Joseph proposed the idea as a way to protect infrastructures such as the airport and the main seaport in the capital. But the idea was met with resistance from opposition groups, as well as from retired soldiers and people on the street.
“We don’t want other countries to impose a government on us.”Jose Maslin, 55, who makes a living repairing televisions and radios, said standing under a flyover on a highway in the Delmas neighborhood in the capital’s west.
The Haitian Military Association, which represents retired officers, called on Haitian society on Tuesday to avoid the “humiliation” of foreign interference.
The association strongly criticized what it described as a lack of “national” planning by the current government, which it accused of having chosen to “rush to facilitate the request to intervene in the national territory,” according to a statement.
Another group, representing civil society, called for an “orderly Haitian” solution to the country’s crisis.

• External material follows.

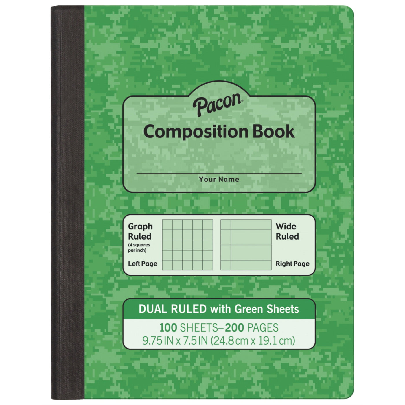 Pacon Dual Ruled Composition Book, Light Green, 9-3/4 X 7-1/2 Inches, 100 Sheets
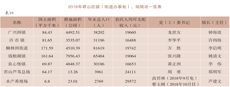 【概况】 2018年,君山区辖4镇1街道办事处2场,土地总面积627平方千米,耕地面积2.69万公顷。年末总人口24.66万,人口出生率11.33‰,自然增长率7.49‰。年内最高气温37.5℃、最低-3℃、平均气温18.5℃;年降水量1680.4毫米。

The mistrust points to a long history of foreign military influence in Haiti, including a 20-year US occupation in 1915, and the latest UN and US troop deployments in the wake of political turmoil and natural disasters.
On Monday, the White House said it had not ruled out the possibility of sending troops, but US officials said the Pentagon did not see a need to deploy them.

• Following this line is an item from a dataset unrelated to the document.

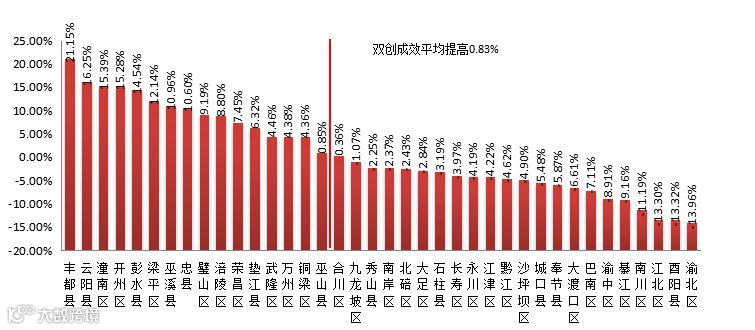 从连续两个季度双创成效指数提高的百分点来看,38个区县平均提高0.83%,全市双创成效指数呈增长趋势,其中有16个区县的双创成效指数增长幅度高于平均分。从全市来看,双创成效指数增幅较大的有:丰都县、云阳县、潼南区、开州区、彭水县、梁平区、巫溪县,其中丰都县增幅最大,双创成效指数增幅为21.15%,其增长幅度较大的指标为就业潜力,指数值较2018年第4季度增长了56.07%;双创成效指数降幅较大的有:綦江区、南川区、江北区、酉阳县、渝北区,其中渝北区降幅最大,双创成效指数降幅为13.96%,其降低幅度较大的指标为就业潜力,指数值较2018年第4季度降低了20.66%。

Washington sent a small group of less than a dozen soldiers to reinforce security at the US Embassy in Port-au-Prince after the attack.
The involvement of the international community threatens to exacerbate the fragile situation in Haiti, said Jake Johnston of the US-based Center for Economics and Policy Research (CEPR).
“For too long, foreign actors have tried to impose solutions from the outside,” Johnston said. “These interventions bear an important responsibility in the current situation in Haiti and in the long-term weakening of democracy in Haiti.”
“Foreign intervention is not the answer, the solution is a more responsible system of government, but also greater economic opportunities and a better economy,” said Alex Dupuy, a Haitian sociologist at Wesleyan University in Connecticut.
The capital’s streets were calm on Tuesday despite calls for a protest by a gang leader. Gangs continue to control parts of the city, including the main fuel supply routes.
Tires were burned at makeshift checkpoints, including in front of the Justice Department, where prosecutors interviewed witnesses to Moyes’ killing or others with information about the plot, including prominent opposition figures.
Hoping to sell colorful clothes scattered on a plastic canvas on a crowded street corner, Judith Folsey, 39, said foreign forces would not be able to solve Haiti’s deeper problems.
“Look, Haiti’s economy is in a terrible state. Everything is very expensive. A lot of people go to the countryside, or those who have money, they go to other countries,” he said.